TLDR: A new C++ data-storage library says it can beat the usual built-in option on speed and memory use. But commenters zeroed in on old benchmark charts and argued a Google-made rival may already be faster, turning the launch into a debate over whether the hype really holds up.

A new C++ library called hopscotch-map is pitching itself as a fast, memory-saving replacement for the standard way many programmers store and look up data. In plain English: it’s a new toolbox for developers who want their apps to find stuff quicker without hogging memory. It’s flexible, lightweight, and tries to look familiar to anyone already using the usual built-in option. On paper, this is the kind of release performance-obsessed coders love to cheer.

But the real show started in the comments, where the applause quickly turned into a benchmark cage match.
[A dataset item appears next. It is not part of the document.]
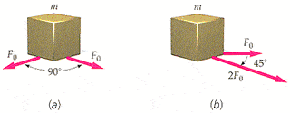 A force F0 causes an acceleration of 20 m/s2 when it acts on an object of mass m sliding on a frictionless surface. Find the magnitude of the acceleration of the same object in the circumstances shown in each figure below.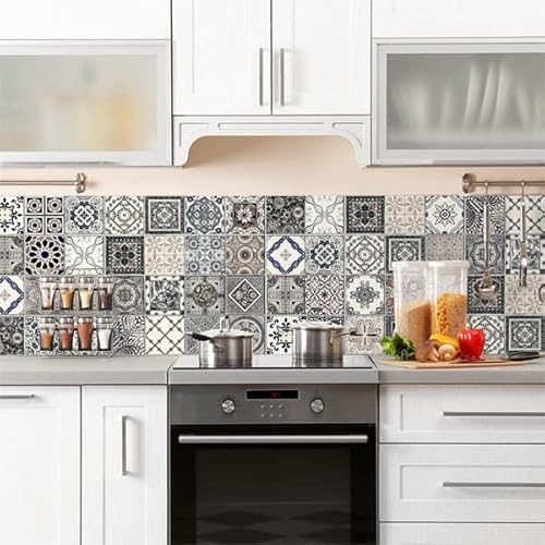 WALPLUS Stickers Carrelage Credence Adhesive Pour Cuisine Stickers Muraux Auto-Adhésif Résistant à l'huile Imperméable à l'eau Réutilisable Amovible Maison Dark Grey Spanish Renaissance 24pcs 15cm(6")

One commenter immediately hit the brakes with a classic internet reality check: how does this stack up against Boost’s rival tool, and why are the performance charts apparently from 2019? Ouch. Another went straight for the jugular, pointing out that the project’s own graph seems to show Google’s dense hash map winning anyway. That sparked the core drama: is this a breakthrough, or just another “fastest ever” coding project getting roasted by its own receipts?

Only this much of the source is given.